Furthermore, family reunification must become an accessible option for many more people than is currently the case. While border security should be recognised as necessary for national security this must not put the lives of refugees in danger. The deaths of refugees should be neither legitimised nor tolerated in the name of protecting borders. The protection of human life must have the highest priority. Governments must take measures to temper the fears of their citizens and decrease the risks of xenophobia. This is a defining moment for the world and we have no other choice but to mobilize fully around this crisis.

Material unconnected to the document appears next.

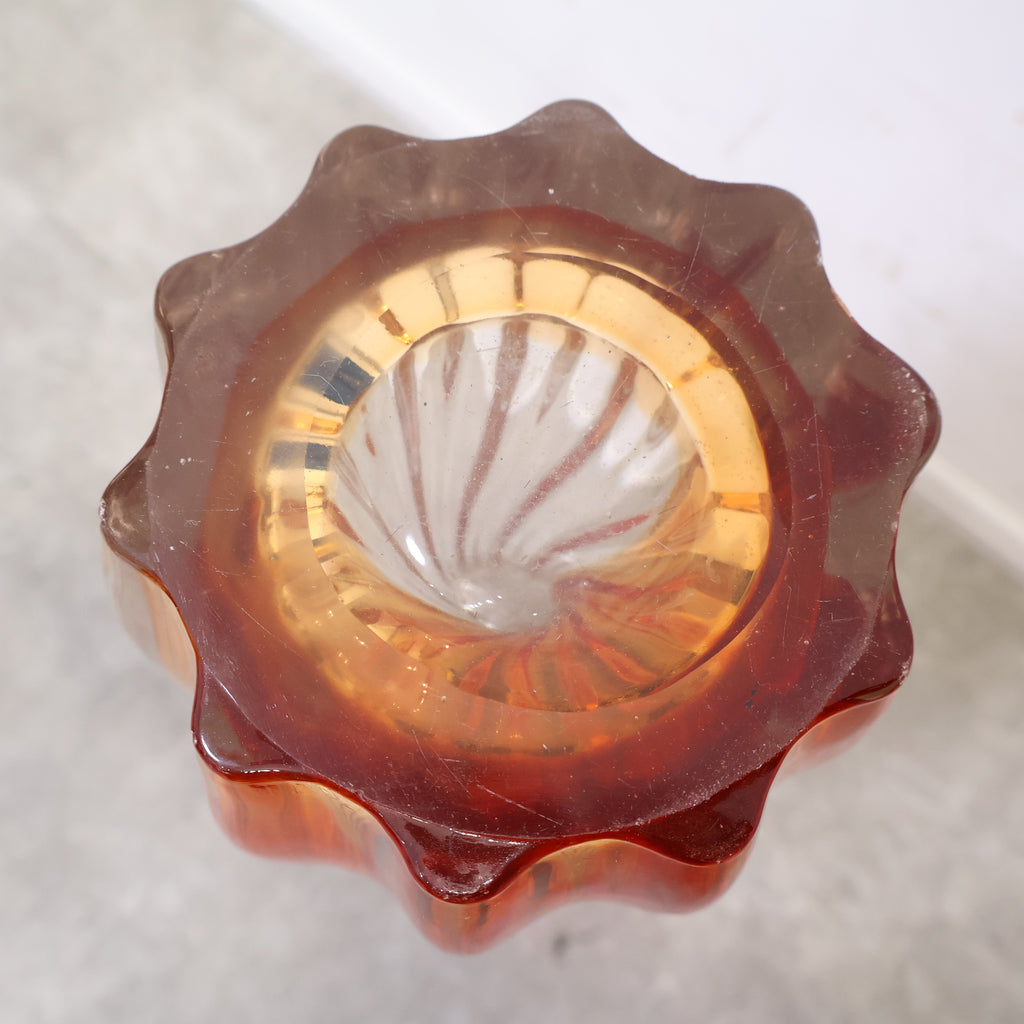 全体に施されたスパイラル状の模様が、見る角度によって表情を変え、手吹きガラスならではの温かみと躍動感を醸し出しています。口元と底のフリル状の処理もアクセントとなっています。 光を通すと、鮮やかな色彩がお部屋を明るく彩ります。

PEN calls on the EU and all governments to reform existing policies to:

  • Substantially increase the number of refugee resettlement spaces;

  • Develop refugee determination processes that are timely, fair and treat every claimant with dignity;

  • Refrain from violent policies and practices that aim to deter or prevent people from crossing their borders;

  • Provide more funding to support countries hosting the largest numbers of refugees fleeing conflicts;

  • Call on refugee-hosting communities and governments to facilitate access to basic social services for asylum seekers and refugees;

  • Take all possible measures to combat xenophobia and anti-refugee sentiment;

  • Address the inadequacy of legislation to deal humanely with individuals caught in crisis.